- Kilnamadoo is located in the United Kingdom Kilnamadoo
- Coordinates: 54°21′04″N 7°46′26″W﻿ / ﻿54.351°N 7.774°W

= Kilnamadoo =

Townland and archaeological site in Ireland

Kilnamadoo or Kilnamaddoo (from Irish Coill na Madadh 'wood of the dogs') is a townland in County Fermanagh, Northern Ireland. It is situated within the civil parish of the area of Boho, as well as Fermanagh and Omagh district.

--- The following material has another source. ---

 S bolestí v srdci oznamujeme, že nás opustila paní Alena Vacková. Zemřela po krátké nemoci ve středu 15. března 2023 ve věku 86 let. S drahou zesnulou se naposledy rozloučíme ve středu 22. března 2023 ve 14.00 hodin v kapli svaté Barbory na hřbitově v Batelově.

The Coal Bog road travels through this townland and the adjacent townland of Drumacoorin. This is a traditional peat cutting area and in past times was the main highway between Lough MacNean and Lough Erne. The area is particularly notable for the remnants of a Neolithic settlement found in the coal bog. An impressive bronze spearhead was also found in this area and is now on display in the National Museum of Ireland.

== Neolithic site ==
On 25 May 1880, a local person known as Mr Bothwell was cutting his turf when he unearthed the ancient site. He immediately sent for the archæologist Thomas Plunkett, who identified the remains as being a Neolithic settlement, situated on what was once an island or crannog in the midst of a body of water.

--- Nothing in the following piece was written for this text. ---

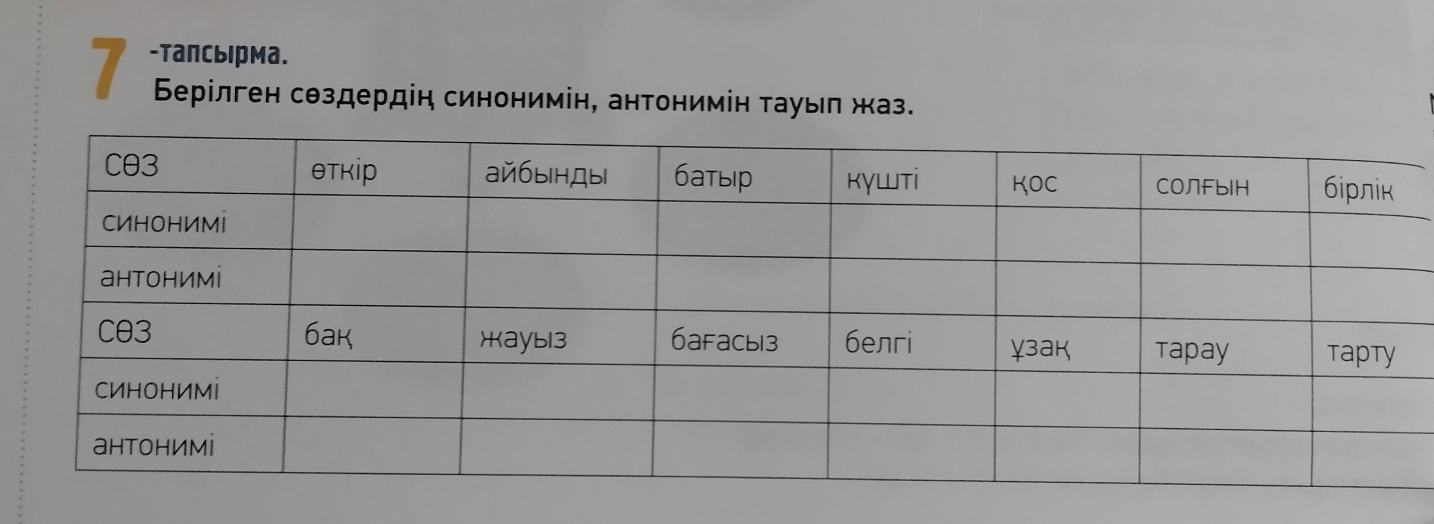 ЖАЗЫЛЫМ 7 -тапсырма. Берiлген сездердiн синонимін, антонимін тауып жаз. айбынды батыр кушт сез олоним антоними сез синоним антоним еткiр бак жауыз бағасыз белг КОС ұзақ СОЛРЫН Tapay бірлік тарту, помогите кому не сложно

The dimensions of the crannog were 60 yd long and 14 yd wide. The settlement contained two oak wood huts, the larger measuring 11 ft 10 in square, and lay buried at least 21 ft, below the original surface of the bog. The huts themselves were dated at this time to approximately 4000 years old. The modern whereabouts of this settlement are now unknown, but artefacts from the site are retained in the National Museum of Ireland, including the handle of a stone axe.